By Paul Secunda[*]
Introduction
Although one might have the impression that the missteps referred to in the title of this paper indicate a criticism of the U.S. Supreme Court’s ADEA[1] decision of Sprint/United Management Co. v. Mendelsohn,[2] it does not. I believe the unanimous Court opinion is correct: “Me too” evidence should be admissible in certain instances based on evidentiary principles and based on the overriding importance of context in such cases, as further discussed in Professor Mitchell Rubinstein’s Colloquy Essay.[3]
Rather, the missteps I have in mind are: (1) my own misstep for writing in a previous Workplace Prof Blog post, before the decision, that a per se rule against this type of evidence would be adopted by the usual conservative Supreme Court Justice suspects;[4] (2) the misstep made by the Supreme Court for granting certiorari in this rather mundane (legally speaking) employment discrimination case; and (3) the misstep of Professor Rubinstein in suggesting that the decision in Mendelsohn will provide “important medicine” for employment discrimination plaintiffs[5] and in concluding that this “me too” issue may again raise its narcissistic head before the Court.[6]

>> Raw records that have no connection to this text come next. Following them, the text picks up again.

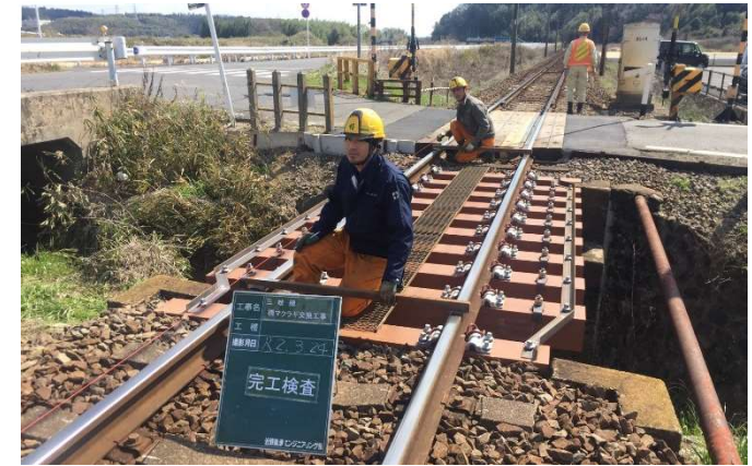
三岐線 橋梁マクラギ交換工事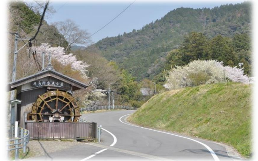
水車小屋（岩手川の水を利用して蕎麦を粉に）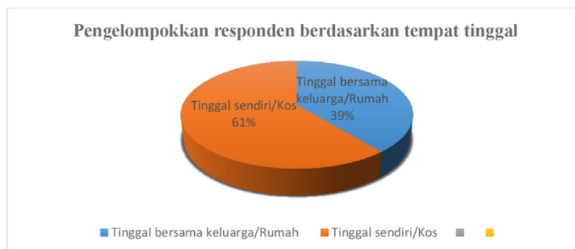
Gambar 4. 5 Pengelompokkan responden berdasarkan tempat tinggal

Pada gambar 4.5, karakteristik responden berdasarkan tempat tinggal dapat dilihat bahwa jumlah responden yang Tinggal bersama keluarga/Rumah sebanyak 39% atau 39 orang mahasiswa sedangkan responden yang tinggal sendiri/kos sebanyak 61% atau 61 orang mahasiswa.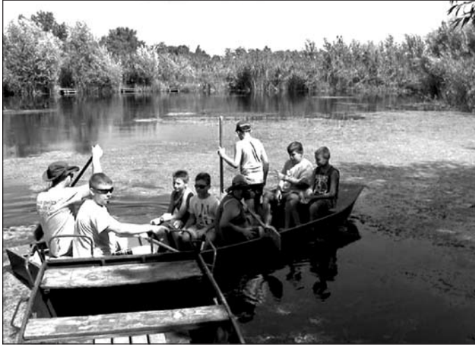
Fiatal természetbarátok a Jegricskán

Egyes növény- és állatfajok nemzetközi jelentőségűek. 1997 óta a Jegricska nemzetközileg jelentős madárélőhely – IBA (Important Bird Area), 2005 óta pedig nemzetközileg jelentős növényélőhely is, nemzetközi megnevezéssel IPA (Important Plant Area).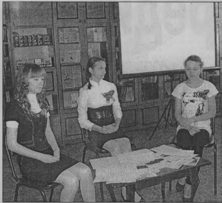
◆ На уроке памяти.

Но немало было и похоронок. Несколько были также зачитаны.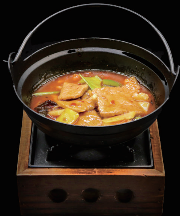
169 - KANCOO CON MANZO € 8.00 allergeni: 9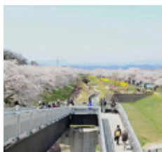
せんおうきょう 「しばた千桜橋」から眺める風景は圧巻です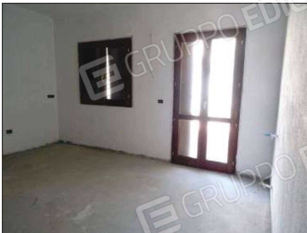
Vista del soggiorno con porta di accesso alla zona notte.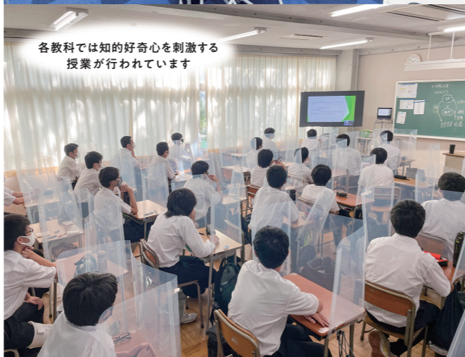
各教科では知的好奇心を刺激する 授業が行われています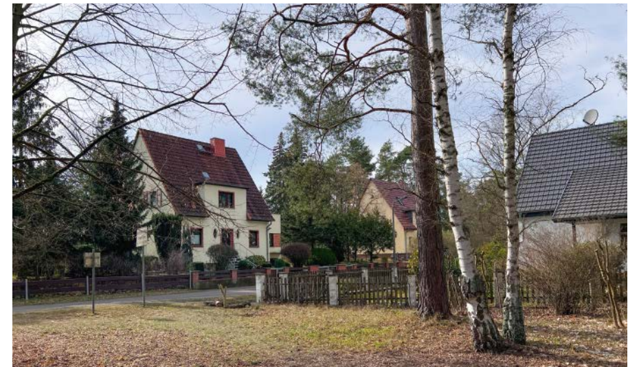
Blick in die Waldstraße mit ihren bewaldeten Grundstücken.

Und sie haben noch etwas, nämlich »Bartels Bier Bar«. Ende der 70er-Jahre eröffnete Konrad Bartels diese mittlerweile vielleicht etwas in die Jahre gekommene kultige Gastronomie, die sich als gern besuchtes Ausflugsziel einen Namen gemacht hat.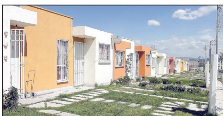
Hay un déficit de 8.2 millones de viviendas, según Inegi.

Asimismo, en la Ley del Instituto del Fondo Nacional de la Vivienda para los Trabajadores se establecerán los términos y condiciones para que los trabajadores puedan acceder a las viviendas en arrendamiento social, el cual no podrá exceder de 30% de su sala-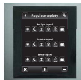
hliník / tm.šedá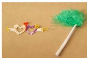
ポンポンスティック メガネ

いろいろな製作が作れます。 他にもまだまだたくさんあります。 作りたい物があったら教えてね!!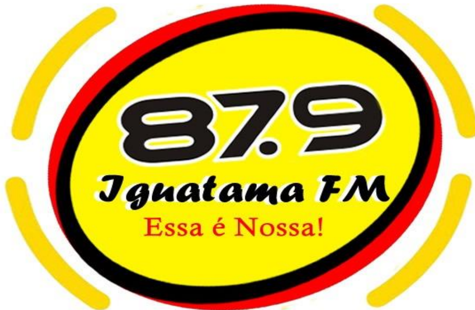
Figura 4 – Logomarca da Rádio Iguatama FM

Before considering these missteps, it is first important to briefly observe that Mendelsohn does present a common recurring question of proof in employment discrimination cases: whether a district court should admit “me too” evidence offered by either plaintiff or defendant.[7] “Me too” evidence is testimony by non-parties alleging discrimination at the hands of persons who played little to no role in the adverse employment decision being challenged by the plaintiff.[8] A split panel of the Tenth Circuit in Mendelsohn held that a court commits reversible error by adopting a blanket rule to always exclude “me too” evidence.[9]